Suggested reading: The Truth about Dating before Your Divorce is Final
Smart work-related things to do during your divorce
Just as there are things to avoid at work during your divorce, there are also some smart things you can do. Here are some ideas.
Update your resume
As your new life evolves, you may find yourself wanting or needing a new job. Thinking about your professional future is a great way to stay hopeful about the chapters of your life to come. Updating your resume is one way to stay on track and feel ready for change.
It’ll also help boost your confidence. A major life change such as divorce can be challenging, but your career is something you can control – and a little “bragging” about yourself on paper can help you feel good about yourself.
Learn new skills
Continue learning new skills. This gives your brain a break from stressing about the divorce while also making you more marketable. Maybe you’ll attend a work-related training. Maybe you’ll take salsa dancing lessons. Whatever you do to enhance yourself and your well-being can translate to positive career changes later.
Even if you’re not currently looking for a job, maintain any professional networks you have, whether they’re in-person relationships or virtual connections through websites like LinkedIn. These networks can be helpful if you need career advice or recommendations during or after your divorce.
Are you happy with your job? Will your current income be enough to support you and your children? If your job makes you unhappy or anxious about your financial future, now may be the time to look for something new.
Suggested reading: How Does Divorce Financial Planning Work?
FAQ about jobs and work during divorce
What if I get fired or laid off during my divorce?
First, try to stay positive and upbeat, even when things are tough. Find ways to do this, such as journaling, exercising, joining a support group, participating in therapy, or even just listening to some uplifting music. Positive energy and motivation can help carry you through this difficult time.

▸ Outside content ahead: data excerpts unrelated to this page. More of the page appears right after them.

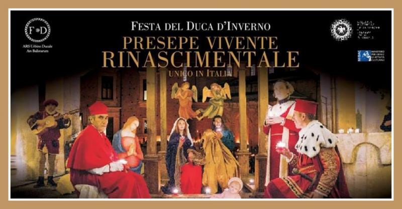 In attesa del Natale, l’Associazione Rievocazioni Storiche Urbino Ducale in collaborazione con la Galleria Nazionale delle Marche, propone per l'VIII edizione della Festa del Duca d’inverno il Presepe Vivente Rinascimentale, un omaggio alla magnificenza della corte e un'occasione per riscoprire il lascito di Federico da Montefeltro.
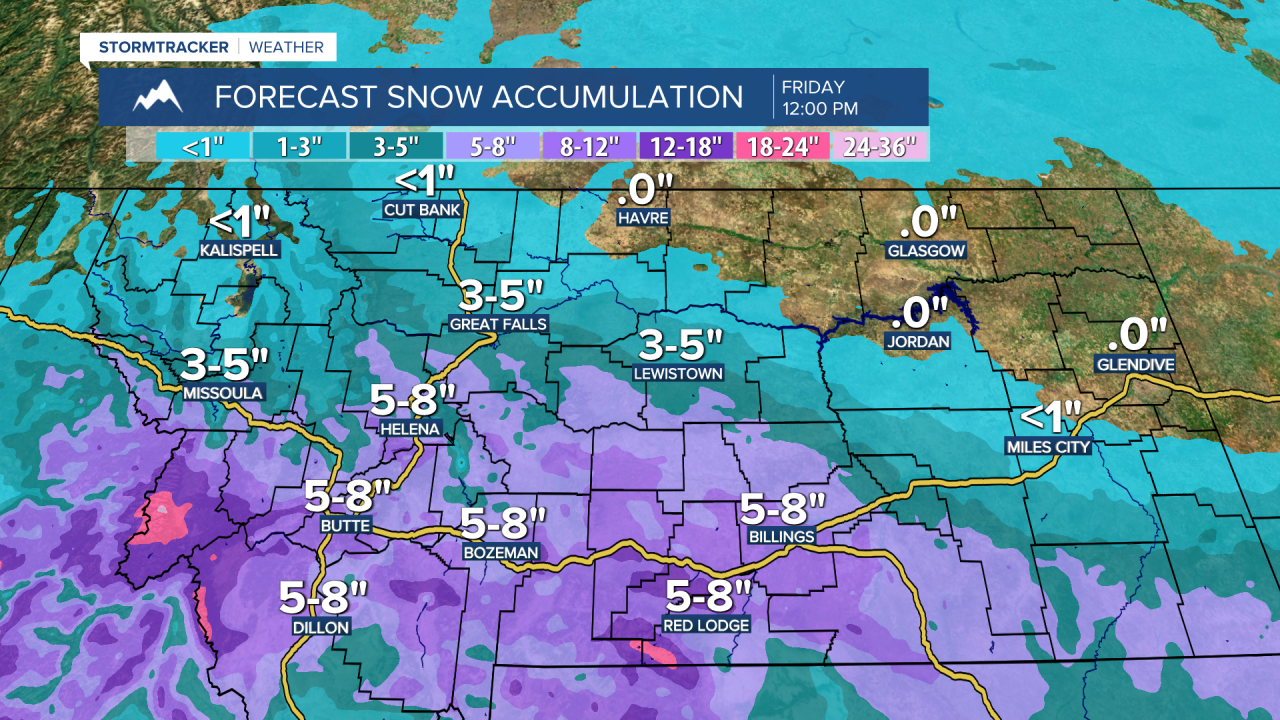 The heaviest snow amounts between this evening and Friday morning are going to be in central and southern Montana. Around the Helena area, 3 to 9 inches of snow accumulation is expected in the lower elevations and 6 to 14 inches of snow accumulation is expected in the mountains. In north-central Montana, the highest snow amounts through Friday morning are going to be along the Rocky Mountain Front and out to I-15 as well as in Cascade, Fergus, and Judith Basin counties, where 1 to 6 inches of snow accumulation is expected in the lower elevations and 5 to 10 inches of snow accumulation is expected in the mountains. Along the Hi-Line east of I-15, less than an inch of snow accumulation is expected for those that do see snow.
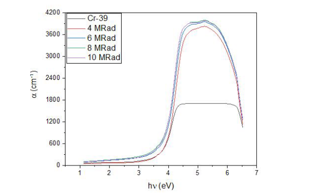 where t is the thickness of the sample, R is the absorbance, and T is the transmission. Figure (4) shows the absorption coefficient (α) of prepared samples. Strong absorption is observed for all samples with the increase in energy through the UV-Vis region, attributing to the electronic transitions in this spectral region. The spectrum of pure Cr-39 polymer depicts its presence of a π-π* transition that appears at 199 nm (3.71 eV). In addition, the activation energy of the irradiated samples decreased with increasing irradiation doses at 221 nm to 3.71 eV.
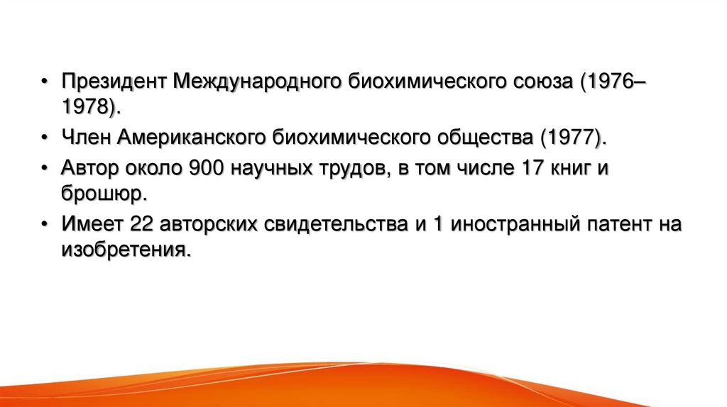 • Президент Международного биохимического союза (1976–1978).
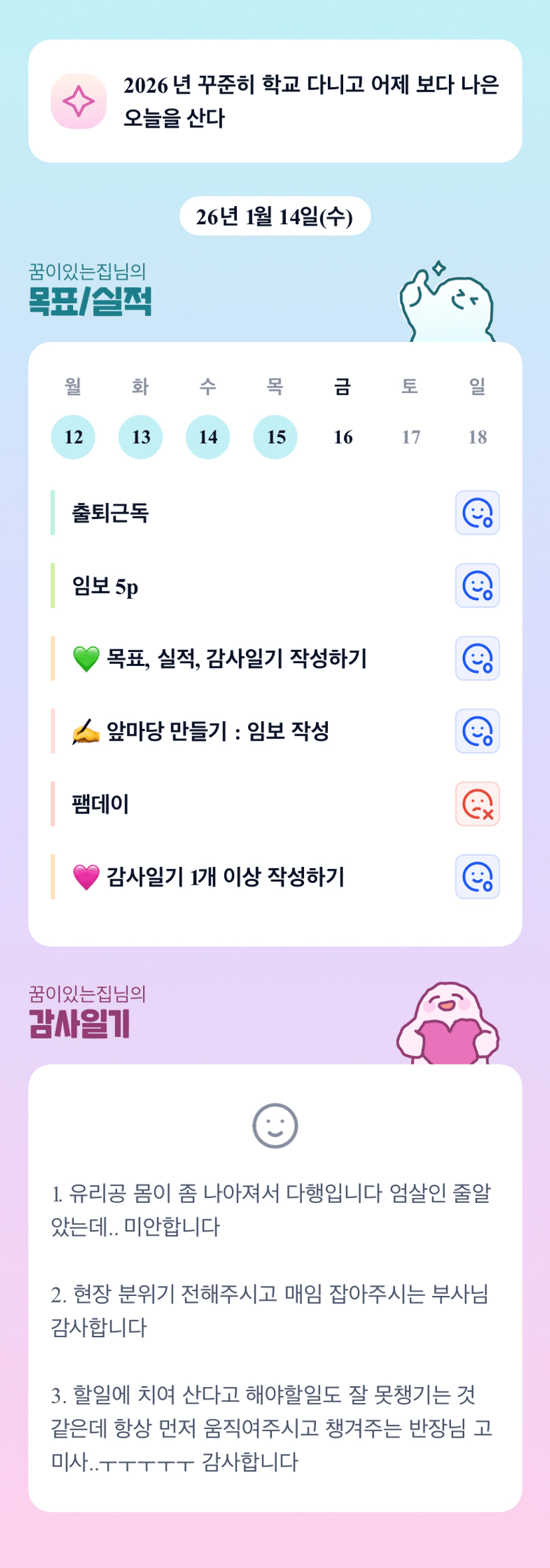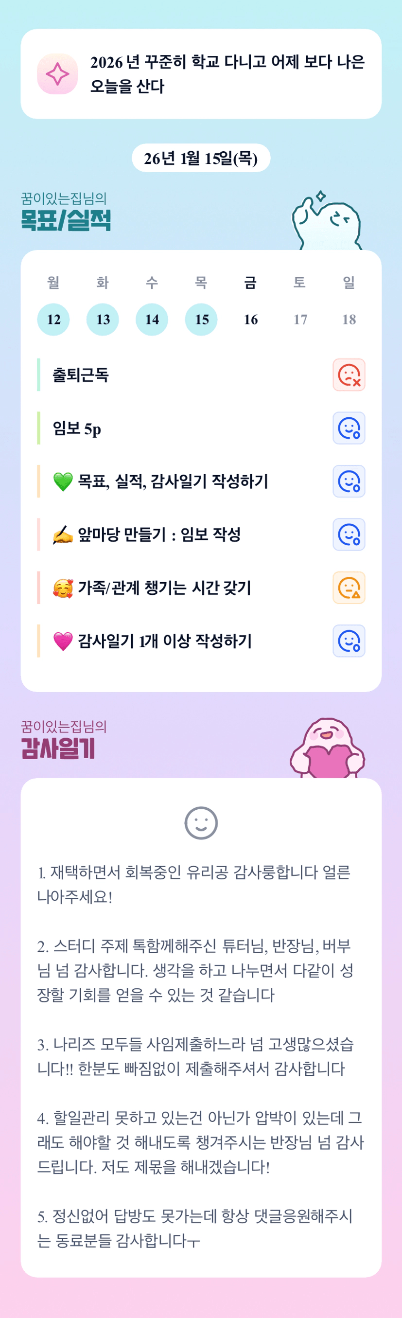 그 바쁜 와중ㅇ ㅔ목실감챙기고 칼럼요약하시는게 더 대단하세요!!! 그래도 유리공님 건강 좋아지셨다니 다행이네요!! 내일도 안전임장 빠이팅입니다!!
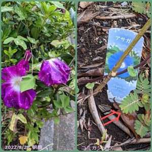 朝顔とコミカンソウ ラベルの色合いと違う朝顔が、咲いていましたね。 側には、コミカンソウが生えていました。 アパート敷地内の花壇にて。 2022年8月28日撮影
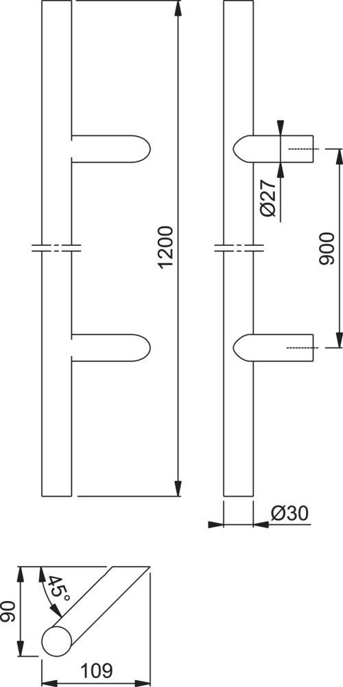 Eigenschaften "HOPPE Stoßgriff E5012,BA 900,L 1.200,Ø 30,F69"
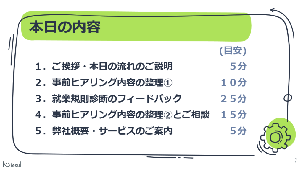 今回のサービスは、現在お使いの就業規則が「法改正に対応できているか」「会社の実態や守りたいルールに沿っているか」を点検することを目的に、約60分間のオンライン面談形式で行いました。
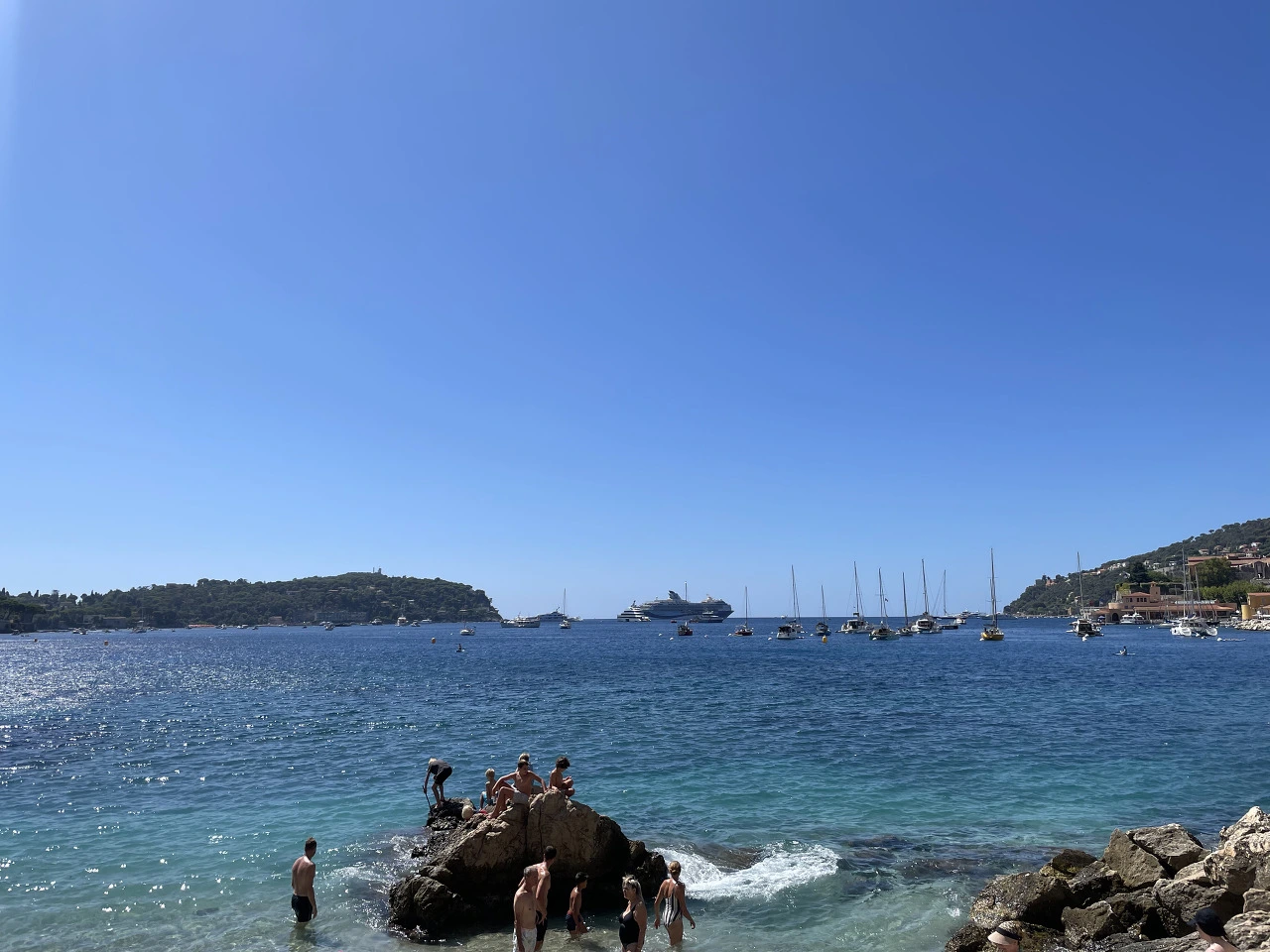 해변에서 충분히 시간을 보냈고 전망대에서 빌프랑슈 쉬르 메르를 관망하러 갔다. 땀을 흘리며 심한 경사를 오르며 담장을 가득 채운 붉은 꽃들과 점점 탁 트이는 풍경을 에너지 삼아 오르막길을 올라갔다. 옷이 땀에 젖기 시작하자 차도 옆에 위치한 전망대에 도착했다. 산 위에 지어진 집들, 태양과 바다를 만끽하는 사람들, 광활한 지중해 그 위에 떠 있는 많은 배가 한눈에 들어왔다. 사진으로 그 아름다움을 담으려고 애썼지만, 결국 실패했다. 해안가를 따라 놓인 철길로 기차가 들어왔고, 다시 집으로 돌아가기 위해 기차역으로 내려왔다.
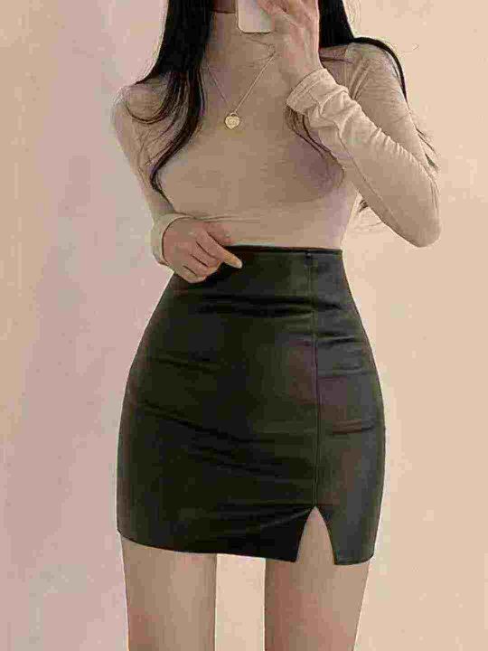 ️全清4.9 淘宝下架女装高腰皮裙,开叉半身裙女,夏季显瘦遮肚子a字包臀裙,小整带杂,一共95条

Second, carve out some time to ponder your next steps. Depending on your situation, it might be a good idea to meet with a career counselor, unemployment lawyer, or life coach to get some guidance.
Should I tell my boss I’m getting a divorce?
This is a personal decision. Some people feel the need to disclose this information to maintain trust and transparency in the workplace. Others worry that their boss would think less of them or see them as unstable. Ultimately, it’s up to you to judge what’s best for you and your career.
If you choose to tell your boss, be prepared for potential reactions. Your boss may be supportive and understanding, or they may be less sympathetic. If you decide not to tell your boss, take steps to protect yourself. First, make sure you have a solid support system at home and at work. Second, keep your personal life separate from your professional life as much as possible. Third, if the situation becomes too difficult to handle, consider talking to your boss about finding a more flexible work arrangement.
I was a homemaker. How can I get a job with no work experience after divorce?
Although you may not have any recent office experience, it’s likely that you would still bring skills to the table that employers would value.
- Focus on your strengths and experiences. Update your resume with these items, and highlight them in your job applications and interviews.
- Network with friends and family members who may be able to help you find a job.
What if my ex-spouse quits or loses their job during or immediately after our divorce?
Here are a few things to keep in mind:
- You are not responsible for your spouse's job status. You are only responsible for your own actions.
- Don't panic. Take care of yourself emotionally and physically.
- If appropriate, communicate with your spouse, and show support. Losing a job is a grueling experience.
- If you were relying on them for financial support, explore your options for employment or accessing other sources of income.